76% of central banks plan to raise gold and cut dollar reserves, Survey shows

A record 95% of respondents believe global central bank gold holdings will increase in the next 12 months

Central banks expect to hold more gold and fewer U.S. dollars in their reserves over the next five years, according to a survey published by the World Gold Council.

The survey, conducted between February 25 and May 20, included responses from 73 central banks. Of those, 76% said they expect their gold holdings to rise in the next five years, up from 69% a year ago. Nearly three-quarters expect their dollar-denominated reserves to fall, compared with 62% in 2023.

A record 95% of respondents believe global central bank gold holdings will increase in the next 12 months.

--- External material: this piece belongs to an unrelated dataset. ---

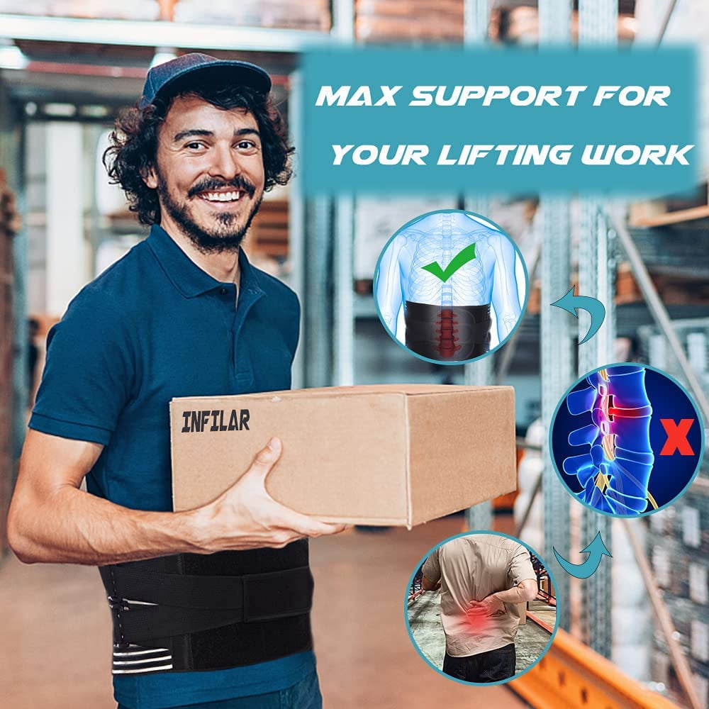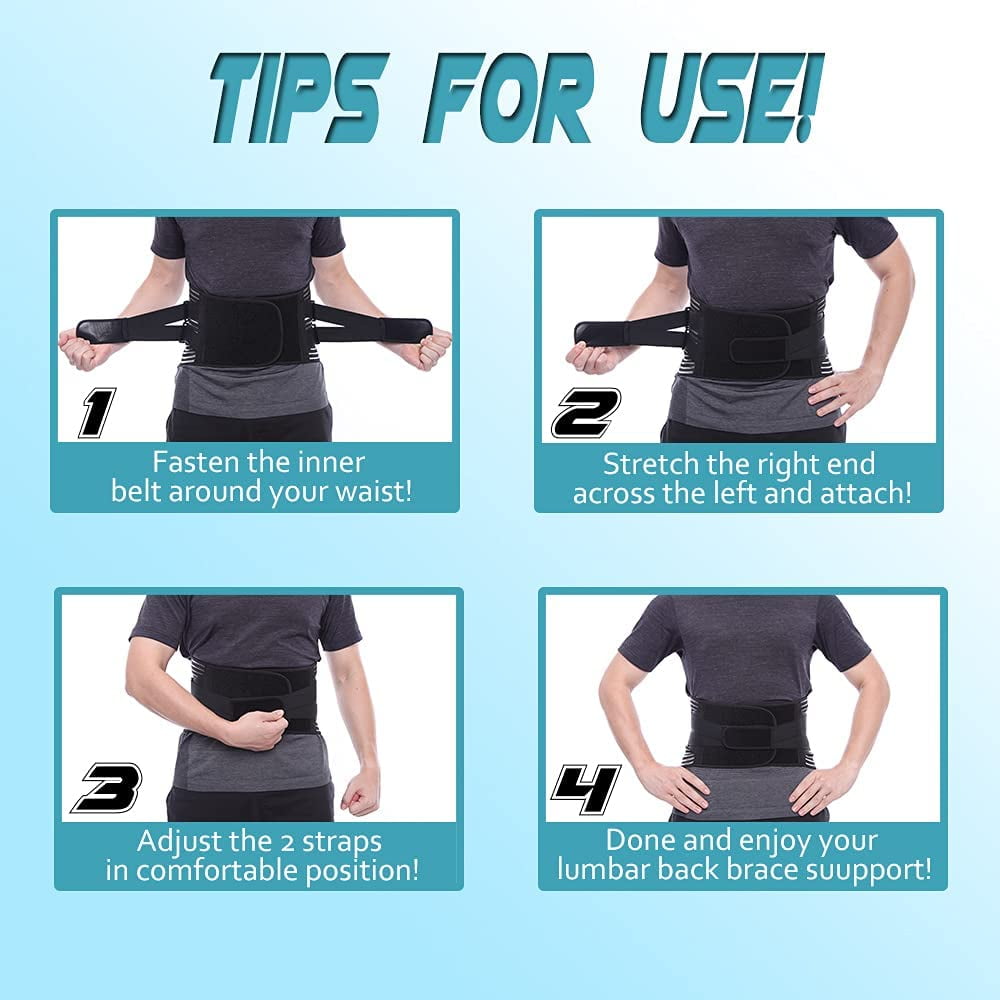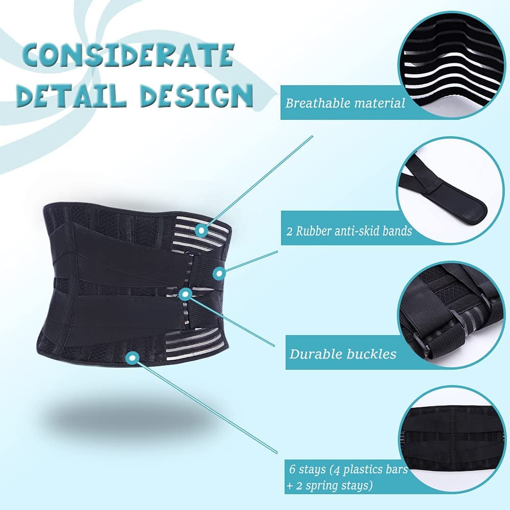 - SPECIAL SUPPORT – Back brace contains 4 Memory-aluminum stays used PP strips,and 2 steel springs placed along the waist side, offer 360° stronger vertical support to lower back. It can prevent back injuries from weight lifting, long time standing or sitting, doing housework, working, etc.

Central banks have purchased more than 1,000 metric tons of gold annually for the past three years, well above the 400 to 500 ton average in the previous decade.

The World Gold Council said the trend reflects gold’s use for diversification, inflation protection, and performance in times of crisis.

Gold prices reached an all-time high of $3,500.05 an ounce in April, nearly doubling since Russia’s invasion of Ukraine in early 2022.

The survey showed the Bank of England remains the most preferred location for storing central bank gold.

Emerging and developing countries made up 69% of the central banks citing trade tensions and tariffs as key to reserve decisions, compared to 40% of advanced economies.

The World Gold Council said the sharp rise in gold buying has taken place amid global political and economic uncertainty.